● **TASK INSTRUCTIONS**
All that is wanted is the exact text of the lines below from the one with "Начнем нашу виртуальную" through the one with "フランスより届きました、19", inclusive, minus any pictures.

### DATA FOR PROCESSING ###

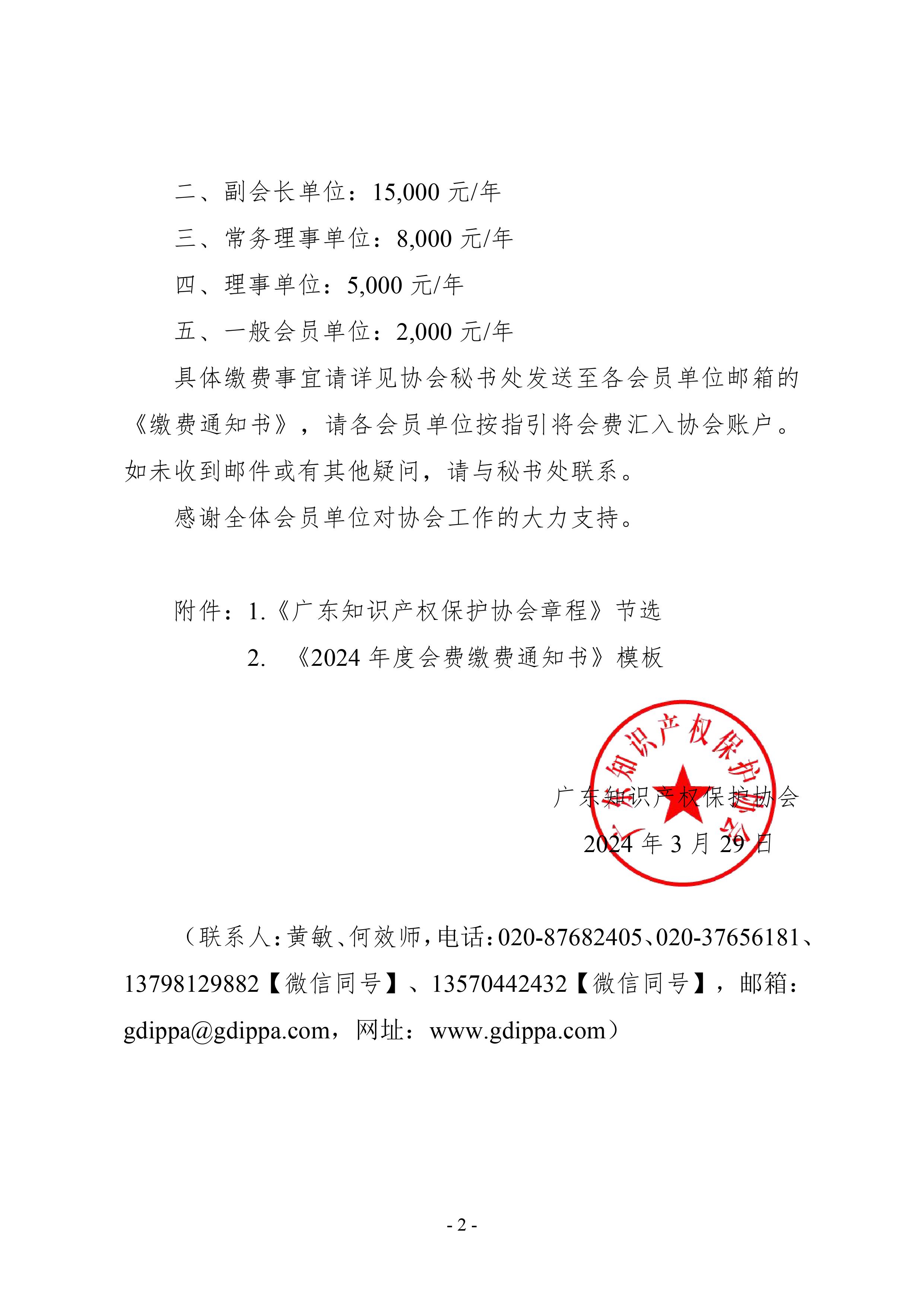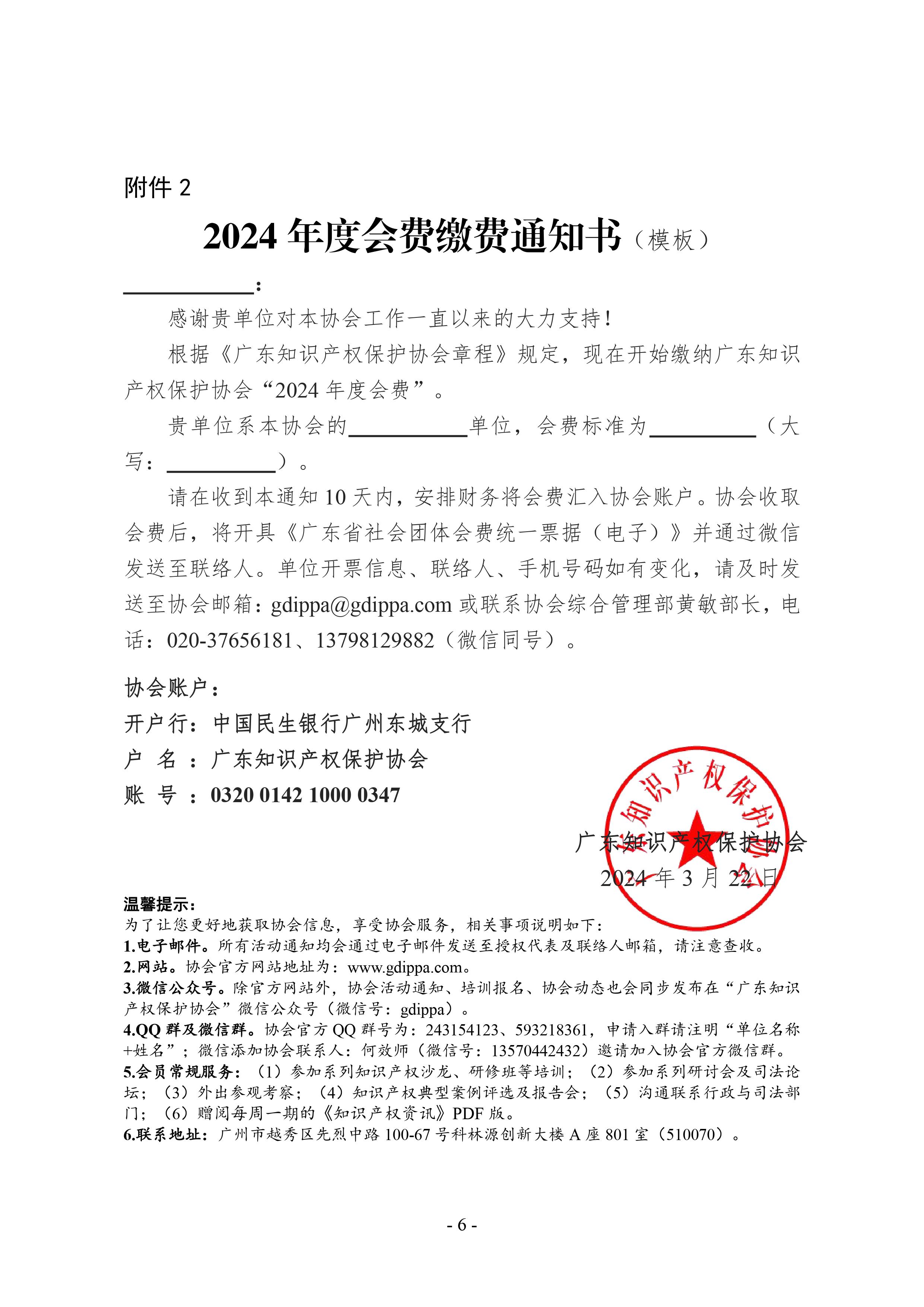 粤知保协发字〔2024〕8号-关于缴纳广东知识产权保护协会2024年度会费的通知
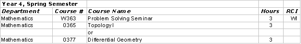 The interdisciplinary program is jointly administered by the departments of Mathematics and Physics. For further discussion of the Interdisciplinary major, see http://www.temple.edu/physics/undergradprog.html under "dual program in physics and mathematics." Five-year Master's ProgramsThe Combined B. A. or B.S./M.A. ProgramTo participate in this five-year program, a mathematics major should be enrolled in either the B.A. or the B.S. program. Application to continue in the M.A. program must be made to the Graduate Chair of the department no later than the first semester of the senior year. To be accepted by the M.A. program, a student must have a GPA of at least 3.25 in Mathematics courses when the application is made. In addition to completing the B.A. or B.S. requirements, the student must complete four additional graduate-level mathematics courses (numbered 0400 and above) by the end of her/his senior year. If the Core and College requirements have also been met, the student will be awarded the B.A. or B.S. degree at the conclusion of this portion of the program. All courses must be passed with a grade of C- or better, and no more than two graduate courses can carry a grade less than B- for the student to continue with the M.A. portion of the program. Fifth-Year Course RequirementsThe student will take a total of six graduate level courses, selected to conform to the M.A. requirements. At the end of the fifth year, the student must either write a master's thesis or pass one of the following examinations: Five-Year Master’s/Secondary Education Certification ProgramThis is a combined program between the College of Science and Technology and the College of Education. For more information, see the following website. Minor Requirements●Three semesters of calculus (Mathematics C085, 0086, and 0127). Distinction in MathematicsA student who wishes to graduate with Distinction in Mathematics should apply to the Director of Undergraduate Studies no later than the second semester of the junior year. The following requirements must be met: 1. All requirements for the B.A. or B.S. degree in Mathematics must be met with a GPA of at least 3.50 in the Mathematics courses. (Note: The University is reviewing all school and college, major, and GPA requirements above 2.0. Please refer to the electronic Bulletin for up-to-date information at www.temple.edu/bulletin/academic_programs.) |
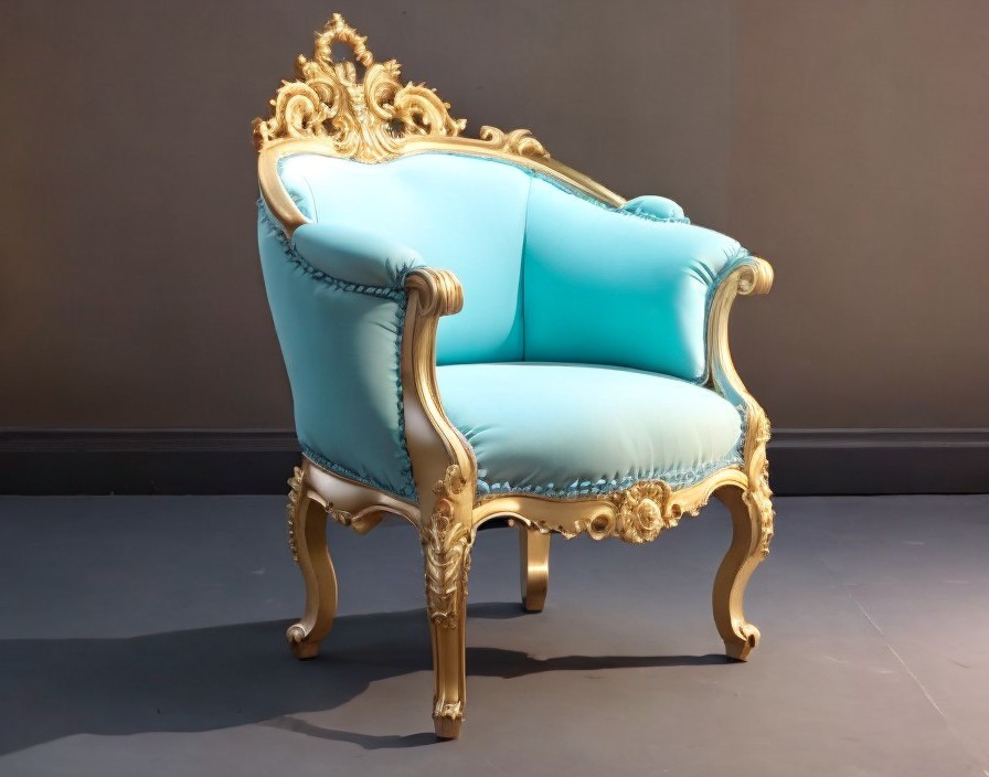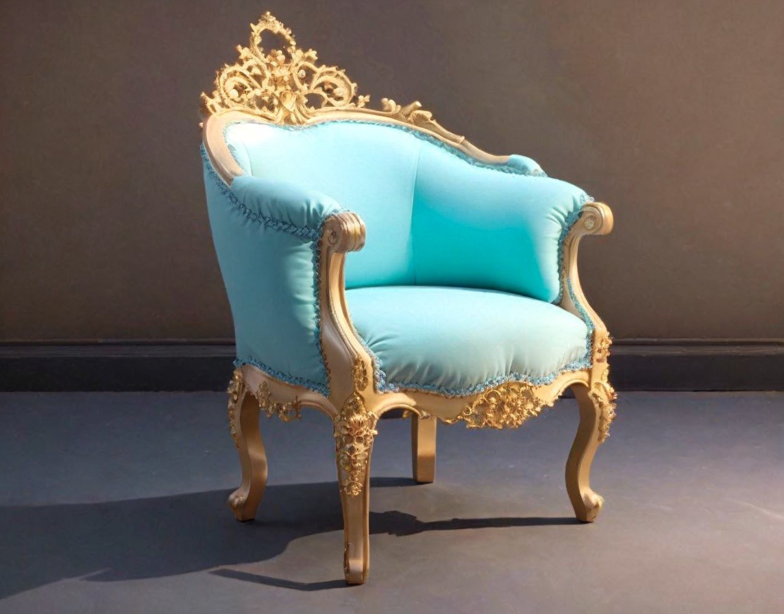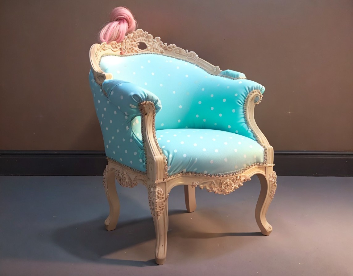 Pink Wooden Frame Armchair with Light Blue Polka Dot Upholstery
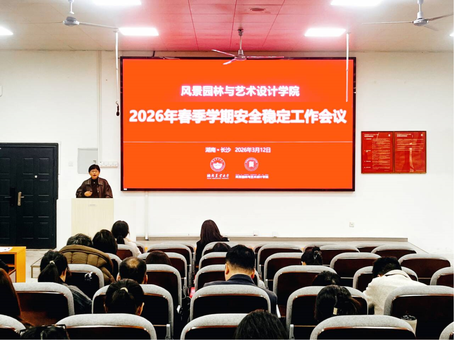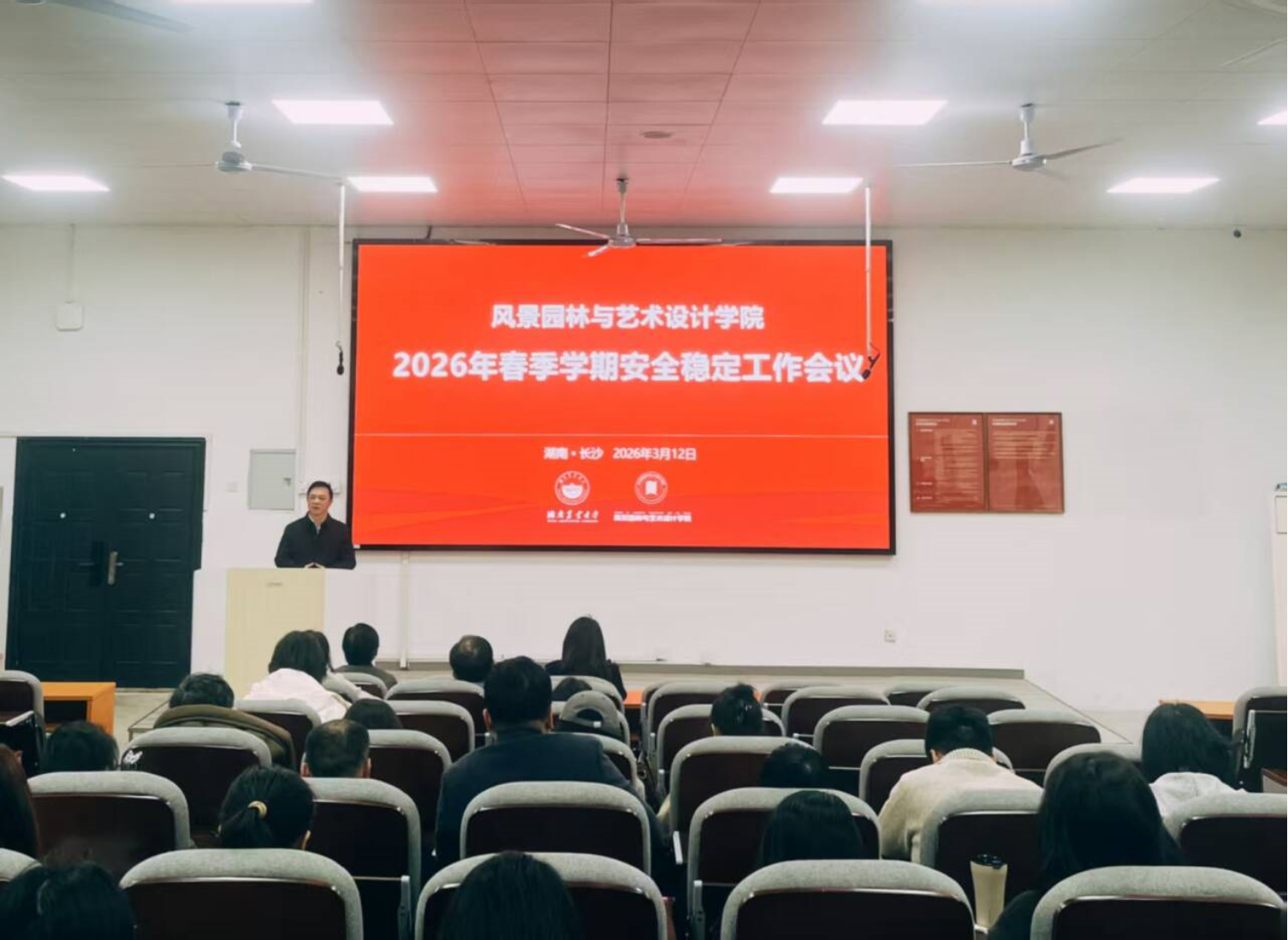为进一步夯实校园安全基础,确保2026年春季学期各项工作平稳有序开展,切实维护学院师生的生命财产安全和校园和谐稳定,3月12日,风景园林与艺术设计学院在四教T2召开了新学期安全稳定工作会议,学院院长黄炼、党委书记李方一、专职组织员洪彬、党委副书记兼副院长周笑妮、副院长何丽波以及全体教职工参加会议。
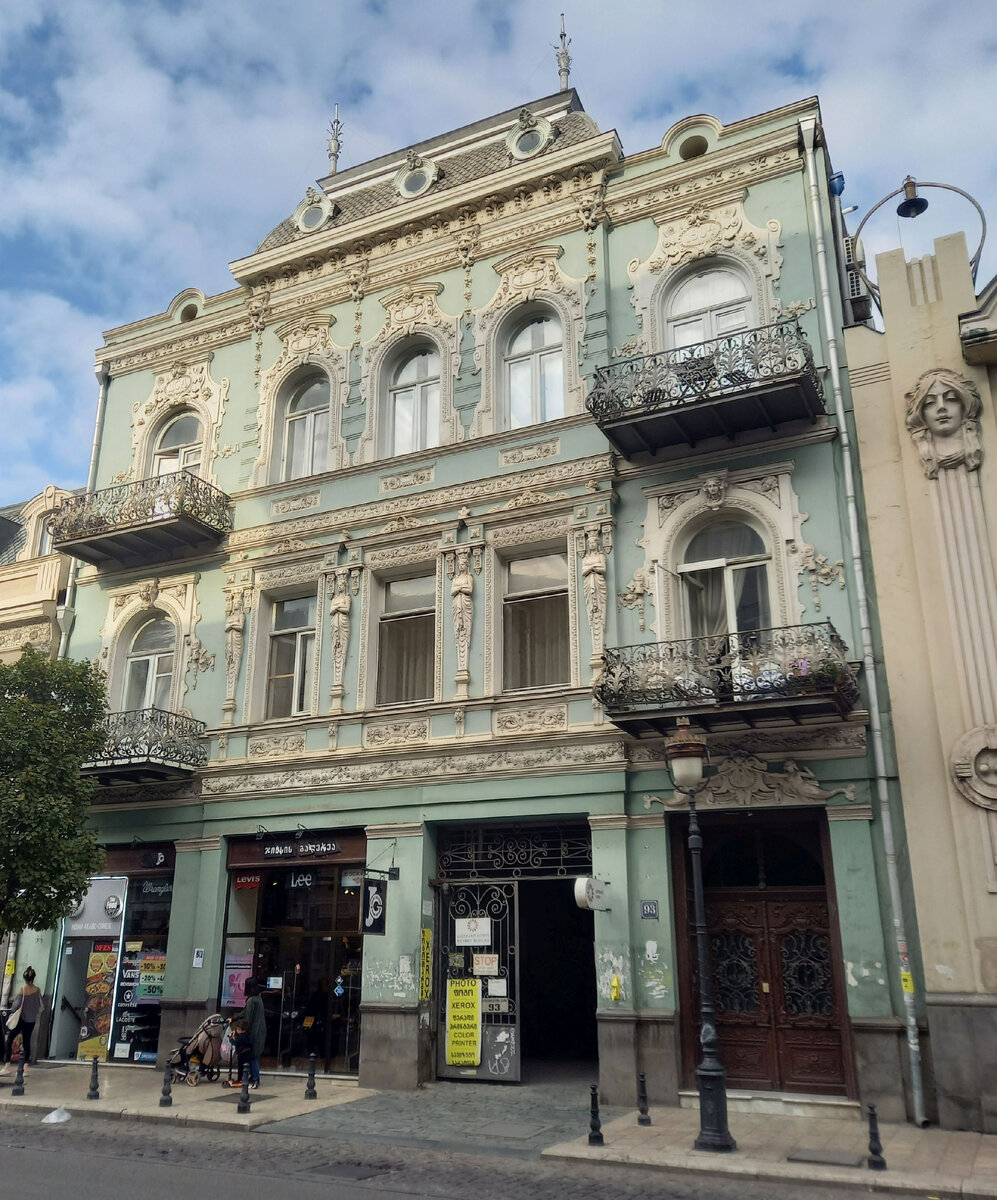 Начнем нашу виртуальную экскурсию по Тбилиси на том же месте, где закончились предыдущую. Статья, посвященная тбилисским зданиям, фасады которых украшают скульптуры атлантов, вышла более года назад, и вот мы снова на проспекте Агмашенебели (бывшая Михайловская улица), пожалуй, самой европейской и благоустроенной улице грузинской столицы. А путь наш лежит к дому под номером 93, в начале XX века принадлежавшему крупному тбилисскому торговцу рыбой Цкалобе Абазову, чье имя переводится с грузинского как «благотворитель».
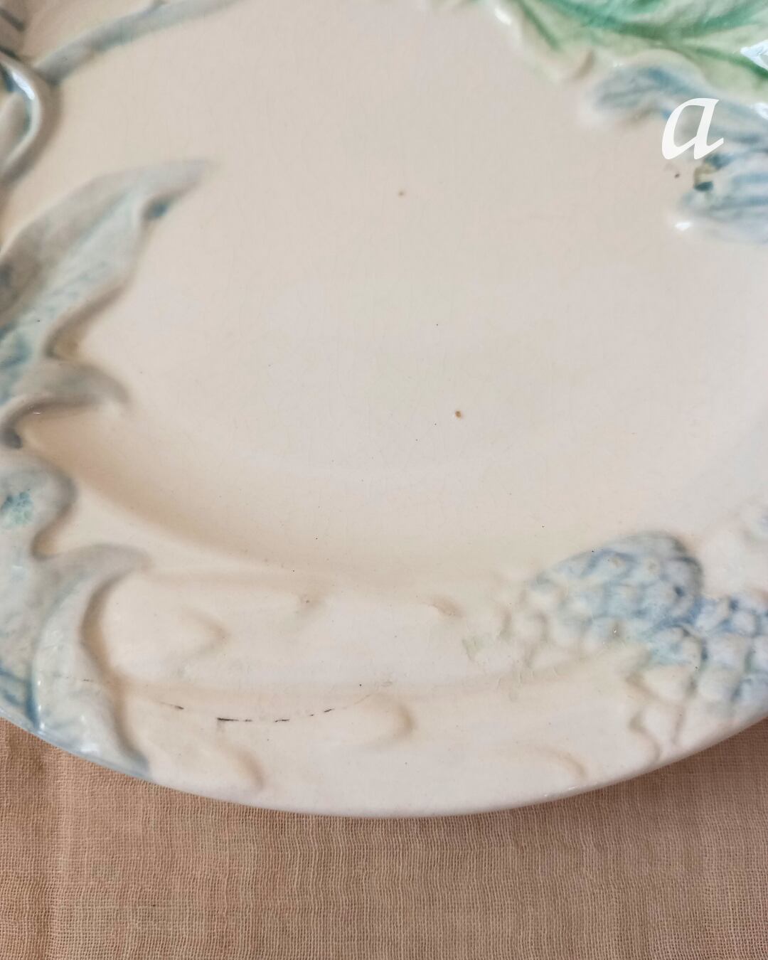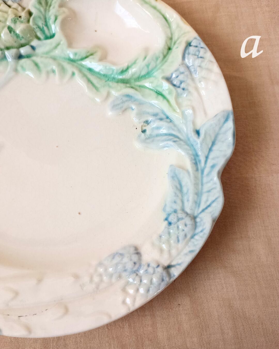 フランスより届きました、1900年代初期の古いバルボティーヌのアンティークプレートです。白地に青系と緑色の着彩でアーティチョークのレリーフが素敵です。
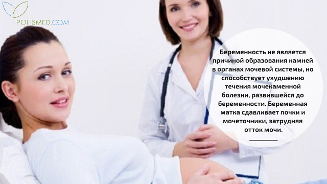Беременность не является причиной образования камней в органах мочевой системы, но способствует ухудшению течения мочекаменной болезни, развившейся до беременности. Беременная матка сдавливает почки и мочеточники, затрудняя отток мочи. Такие изменения во время беременности как гормональная перестройка, повышение концентрации солей в моче, нарушение уродинамики, эндокринные нарушения, изменение водно-солевого обмена способны ускорить образование камней. Пациентка в течение всей беременности должна находиться под наблюдением уролога.

###

● **SOLUTION**
 Начнем нашу виртуальную экскурсию по Тбилиси на том же месте, где закончились предыдущую. Статья, посвященная тбилисским зданиям, фасады которых украшают скульптуры атлантов, вышла более года назад, и вот мы снова на проспекте Агмашенебели (бывшая Михайловская улица), пожалуй, самой европейской и благоустроенной улице грузинской столицы. А путь наш лежит к дому под номером 93, в начале XX века принадлежавшему крупному тбилисскому торговцу рыбой Цкалобе Абазову, чье имя переводится с грузинского как «благотворитель».
 フランスより届きました、1900年代初期の古いバルボティーヌのアンティークプレートです。白地に青系と緑色の着彩でアーティチョークのレリーフが素敵です。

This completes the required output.